It was only then I realized that all the blinds in my house were open, and seeing how it was 10:00 pm, it suddenly came to mind that every curious Tom, Dick and Harry could see me crouching down on the ground around this plant with a shoe in my hand, ready to attack. And if they were close enough, they could have audibly heard the turmoil I was in. This had the effect of immediately calming me down, at least long enough for me to close the blinds and assume my position again. It was also then that I realized 2 things: my heart was beating faster than if I'd just finished the Tour de France, and there was NO way I was handling this alone. Those are the times it comes in handy to have cousins nearby. My cousin Barrett was practically born outside and is a regular MacGuyver in any distressing situation. His wife, Becca, served a mission in Guatemala where she apparently lived in mouse-infested quarters on a regular basis. When they heard my frantic voice and probably my heart beating over the phone (after first picking themselves off the floor from blatant and uncontrollable laughter) they rushed right over and began the hunt. First, they cleared up the false impression I had that the mouse was STILL hiding in the plant. What I had not noticed (or been aware of) is that mice can JUMP. (Now, just tell me that isn't a creepy thought.) What I wasn't able to see from being on the other side of the plant, is that it was a mere 6 foot drop off the banister onto the stairs that lead into the basement. So of course all this time I was crouched futilely in front of this plastic tree, Dangermouse and all his buddies were laughing at me a safe distance of 12 feet BELOW me and the broom I had since included in my artillery. SO... then the hunt REALLY began as we opened closets, pulled out furniture, opened cupboards.. all to no avail. My ignorance had allowed far too long of an escape time, and he was lost. My wonderfully loving cousins (who were still having a hard time containing themselves and controlling their laughter) were aware of my obvious distress and offered me a bed at their place. I was in my pajamas in about 2 seconds and running out the door without shoes, just to be away from that horrible place I used to call home. Of course, the next day I was able to go back with a little more perspective, as well as armed with four newly-bought mouse traps. Ha! Who's Dangermouse now? heh-heh...

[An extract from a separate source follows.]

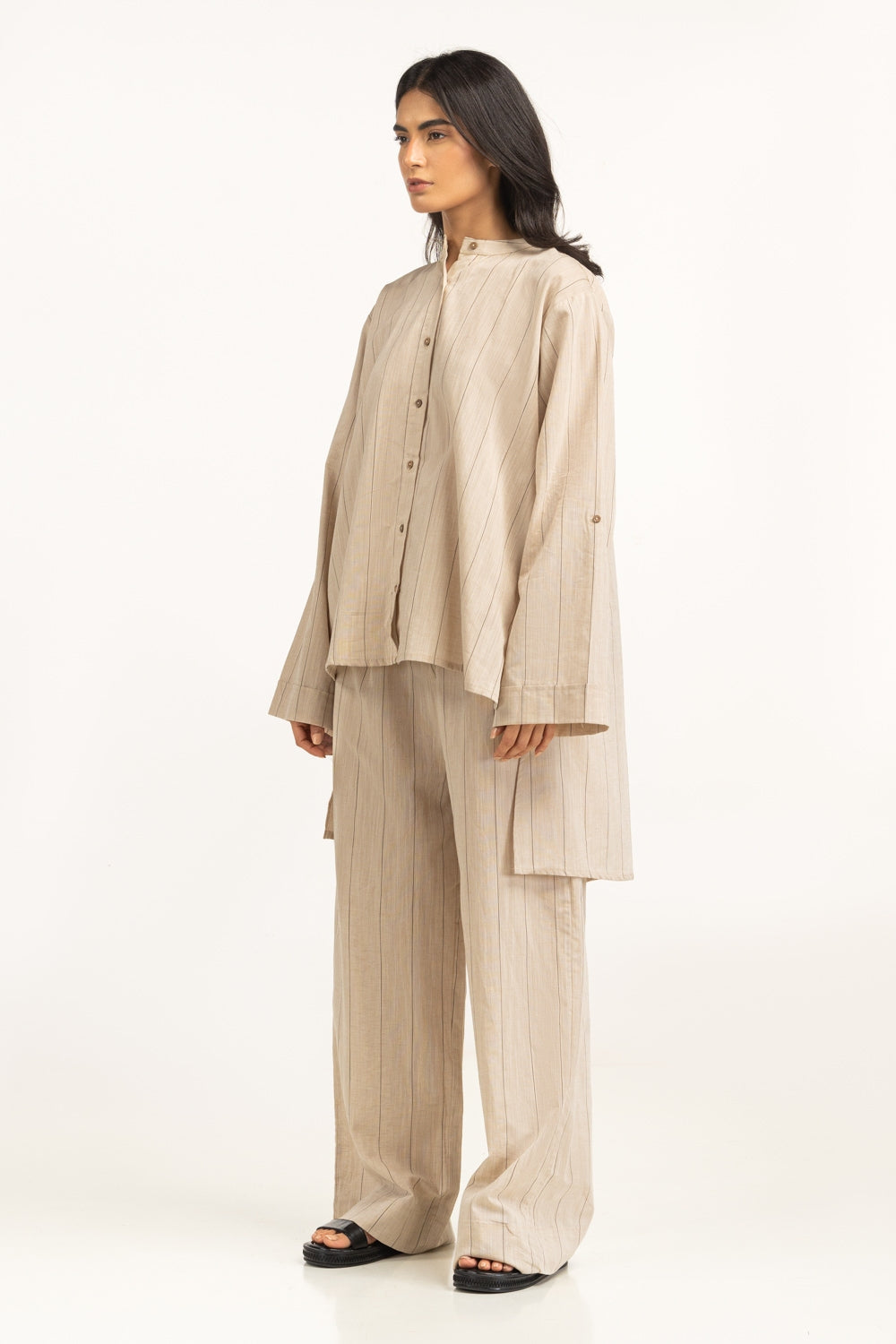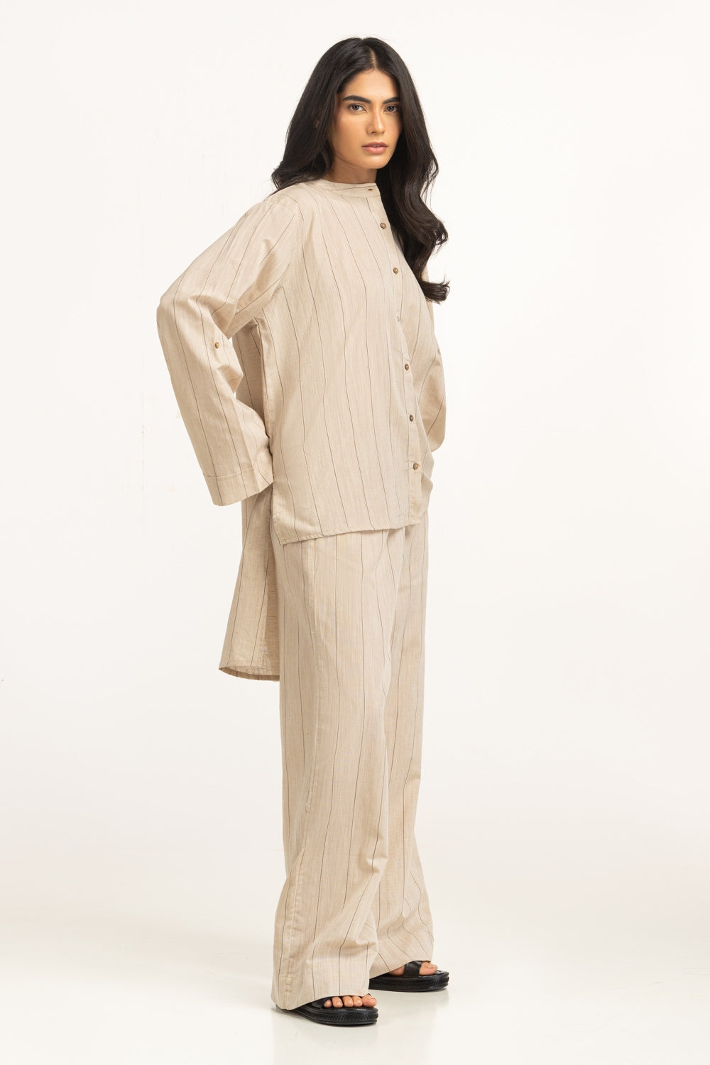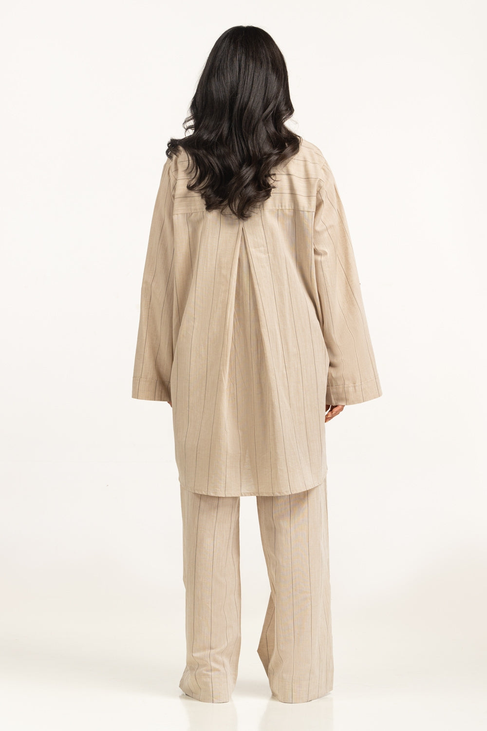 With its sharp stripes and an elongated back hem, this khaki shirt is a summer staple offering style versatility. The regular fit keeps it structured but comfortable, allowing room to move.

Well, obviously he's smarter than I thought because the traps have yet to produce any sign of a mouse. But at least the concept has sunk into my head-- it is possible for a small, furry intruder to interrupt my Sunday repose. Knowing is half the battle, right? I found it interesting that I reacted the way I did. It was positively like being in a bad sit-com, with a delicate housewife squealing and squawking like a cornered animal at a creepy house-invader. Isn't it strange that something about 100th our size can sometimes make us act that way? Especially something that poses no real threat if you have a shoe handy. You probably think you're so cool-headed and unphased by most anything, but put you alone in a house at night, and have an unexpected visitor that creeps or scurries or scampers around on 4 legs distrurb your otherwise cozy evening-- THEN we'll see what you're made of. I suggest that after you're done shrieking, you call my cousins.